Shrader asks DWP Board and Mayor Villaraigosa for change agents
The city’s civil service system was created in 1903 to prevent political patronage from dominating decisions of employment. The idea was that city government should search for those people with the skills and experience to do each city job and assure that jobs were allocated on the basis of merit. Moreover, it was designed to protect those who performed their jobs responsibly from arbitrary or retaliatory suspension or firing. Ten years later on November 5, 1913, Chief Engineer William Mulholland delivered the aqueduct system on schedule and under budget.
I have dedicated the majority of my career in service to this city and this Department. During my first week on the job in 1983, General Manager and Chief Engineer, Paul Lane, knew me by name and articulated a vision of our potential. Since that time, I have served proudly under many General Managers and Chief Engineers who have advanced through merit and qualification and shaped the vision and culture of our organization.
In 1995, city politicians convinced voters to change the Charter and increase the ranks of exempt executives who serve at the pleasure of the mayor, his appointed commissioners, and the city council. The reason for vesting this power with the mayor was to ensure our management was accountable and responsive to the public. The change in our culture is tied to the influences of these mayoral appointments. In the aftermath of deregulation, we downsized. Exempt positions and 1014 transfers were to be used to reposition existing employees of merit. But instead, these hiring privileges have been abused, qualifications lowered, and the quality of our management undermined. In effect, we are restoring the patronage that civil service was designed to prevent – doling out jobs to those with connections.
On November 7th, I questioned management integrity and the direction of these personnel investigations, because I have spent 6 years working my way mano a mano through an organizational labyrinth of agents, loopholes, and dead ends controlled by exempt executives sitting before you. I can claim with reasonable certainty that this organization is in denial and its management spends more time ruining employees rather than addressing their concerns and refocusing their efforts to the benefit of our customers.
My complaints about management are not unique to personnel. I hope you can recall calming an elderly woman, a residential customer, who came weeping into the Board meeting with bill in hand. I don’t know how or if the situation was resolved but, it is important to note she came here as a last resort. Our organization could not address her needs without executive deliberation and she had to return 2 weeks later for a resolution.
In another instance, the Chancellor of the Los Angeles Community College District demonstrated to you at this podium that our executives treated him cavalierly and would not address his needs. It was no surprise that the Los Angeles Community College District announced, it planned to build and generate its own green power.
These two customer service failures are noteworthy not because they demonstrate that we treat a broad range of customers equally poorly, but because the failure of one exacerbates the failure of the other. Each commercial customer lost will result in a multitude of residential customers weeping about their bill.
Coupled with a lack of operational transparency, an inability to assess, foresee, avoid, or, at the very least, provide a managerial explanation of the latest media covered fiasco without having to wait 6 months for a blue ribbon investigation bona fide by the city attorney, these instances reflect poorly upon city management.
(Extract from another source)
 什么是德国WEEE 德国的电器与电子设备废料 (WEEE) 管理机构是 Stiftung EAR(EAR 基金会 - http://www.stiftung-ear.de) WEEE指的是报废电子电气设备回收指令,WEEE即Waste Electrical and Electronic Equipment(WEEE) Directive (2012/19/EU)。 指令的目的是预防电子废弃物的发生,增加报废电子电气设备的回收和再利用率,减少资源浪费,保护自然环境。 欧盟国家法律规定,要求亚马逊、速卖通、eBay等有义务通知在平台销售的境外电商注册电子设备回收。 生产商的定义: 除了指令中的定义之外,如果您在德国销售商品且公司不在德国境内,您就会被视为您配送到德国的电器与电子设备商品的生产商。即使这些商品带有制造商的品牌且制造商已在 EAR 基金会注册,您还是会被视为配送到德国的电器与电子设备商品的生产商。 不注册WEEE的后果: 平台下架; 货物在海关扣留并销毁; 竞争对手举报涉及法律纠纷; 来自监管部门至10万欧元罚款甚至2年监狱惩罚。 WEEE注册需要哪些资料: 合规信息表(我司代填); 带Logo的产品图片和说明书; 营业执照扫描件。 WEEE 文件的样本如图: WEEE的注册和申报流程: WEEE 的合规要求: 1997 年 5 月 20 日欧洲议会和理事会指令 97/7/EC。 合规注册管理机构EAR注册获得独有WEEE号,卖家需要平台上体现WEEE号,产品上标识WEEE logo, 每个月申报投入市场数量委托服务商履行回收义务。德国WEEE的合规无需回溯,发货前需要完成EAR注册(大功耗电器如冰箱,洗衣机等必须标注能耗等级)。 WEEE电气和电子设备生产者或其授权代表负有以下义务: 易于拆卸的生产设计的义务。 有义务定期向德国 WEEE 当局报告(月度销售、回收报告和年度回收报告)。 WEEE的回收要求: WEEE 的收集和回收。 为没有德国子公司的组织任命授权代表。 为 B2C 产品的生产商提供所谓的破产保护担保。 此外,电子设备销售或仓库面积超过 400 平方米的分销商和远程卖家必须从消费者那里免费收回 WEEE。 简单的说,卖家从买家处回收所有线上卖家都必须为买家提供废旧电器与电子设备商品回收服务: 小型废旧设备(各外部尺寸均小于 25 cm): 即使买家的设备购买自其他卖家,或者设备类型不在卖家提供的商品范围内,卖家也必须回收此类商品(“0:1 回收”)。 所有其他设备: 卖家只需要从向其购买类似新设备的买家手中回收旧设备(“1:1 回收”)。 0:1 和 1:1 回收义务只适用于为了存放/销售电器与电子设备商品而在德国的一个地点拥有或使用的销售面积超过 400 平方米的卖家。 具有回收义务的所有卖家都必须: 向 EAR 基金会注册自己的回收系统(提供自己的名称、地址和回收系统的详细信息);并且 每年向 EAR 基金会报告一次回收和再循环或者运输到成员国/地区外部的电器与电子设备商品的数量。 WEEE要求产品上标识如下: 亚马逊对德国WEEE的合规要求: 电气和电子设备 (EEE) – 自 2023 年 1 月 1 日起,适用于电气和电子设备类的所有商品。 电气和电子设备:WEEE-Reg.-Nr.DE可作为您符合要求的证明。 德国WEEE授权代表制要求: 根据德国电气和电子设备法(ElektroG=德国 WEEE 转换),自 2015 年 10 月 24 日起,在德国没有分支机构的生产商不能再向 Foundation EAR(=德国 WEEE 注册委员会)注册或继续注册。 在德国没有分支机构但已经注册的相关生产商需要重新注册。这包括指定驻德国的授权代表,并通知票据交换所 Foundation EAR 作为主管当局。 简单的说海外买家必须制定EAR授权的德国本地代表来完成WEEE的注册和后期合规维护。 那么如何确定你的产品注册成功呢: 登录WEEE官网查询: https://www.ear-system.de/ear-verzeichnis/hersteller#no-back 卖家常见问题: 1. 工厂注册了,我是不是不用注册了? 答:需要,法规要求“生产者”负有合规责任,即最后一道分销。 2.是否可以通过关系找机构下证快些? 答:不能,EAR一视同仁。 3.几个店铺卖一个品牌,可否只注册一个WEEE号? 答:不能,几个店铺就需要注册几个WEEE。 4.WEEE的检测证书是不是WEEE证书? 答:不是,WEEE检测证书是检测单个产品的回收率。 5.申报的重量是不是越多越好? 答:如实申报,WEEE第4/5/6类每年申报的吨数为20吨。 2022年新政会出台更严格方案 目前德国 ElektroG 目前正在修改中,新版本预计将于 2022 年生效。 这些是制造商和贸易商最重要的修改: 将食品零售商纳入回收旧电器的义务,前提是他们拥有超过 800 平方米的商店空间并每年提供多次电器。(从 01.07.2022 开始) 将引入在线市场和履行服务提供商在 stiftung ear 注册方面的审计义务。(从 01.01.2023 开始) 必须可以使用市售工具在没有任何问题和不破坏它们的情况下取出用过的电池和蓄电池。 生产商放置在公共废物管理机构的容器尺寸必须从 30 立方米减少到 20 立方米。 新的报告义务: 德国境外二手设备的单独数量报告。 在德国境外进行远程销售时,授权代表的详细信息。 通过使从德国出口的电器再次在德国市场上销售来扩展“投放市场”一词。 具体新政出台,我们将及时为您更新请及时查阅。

These management issues are not specific to DWP. The video clips of ruffians in blue, cruel antics of firefighters, refusal to hold managers accountable, and millions in settlements, have soiled our reputations, violated our civil rights, and cost the city its integrity, its standards, and its vision. These examples have come to characterize our expectations from city management. They contribute to middle management malaise, the lack of accountability, and the inability to change the culture where we work. These deplorable examples of managerial incompetence have become institutionalized and seem unaffected by scores of proclamations, appointed second-career managers, investigations, and reorganizations.
Consequently, I believe management, merit, and accountability have been compromised. I am asking Mayor Villaraigosa and this Board again, to take advantage of the employees who risk their careers before you for the sake of this city department and its stakeholders. Rather than labeling us as inflammatory and demanding our patience, harness our passion, energy, and diligence as change agents and employ our talent and loyalty to achieve your goals and the mayor’s vision.
The partnership of change agents and culture changing opportunities is priceless.
I am submitting a recent article from the Wall Street Journal about an unlikely change agent who seized an opportunity and saved an entrenched and failing company. He effectively changed the culture of his company in two years by changing the traditions and attitudes of management.
Thank you for your time and consideration.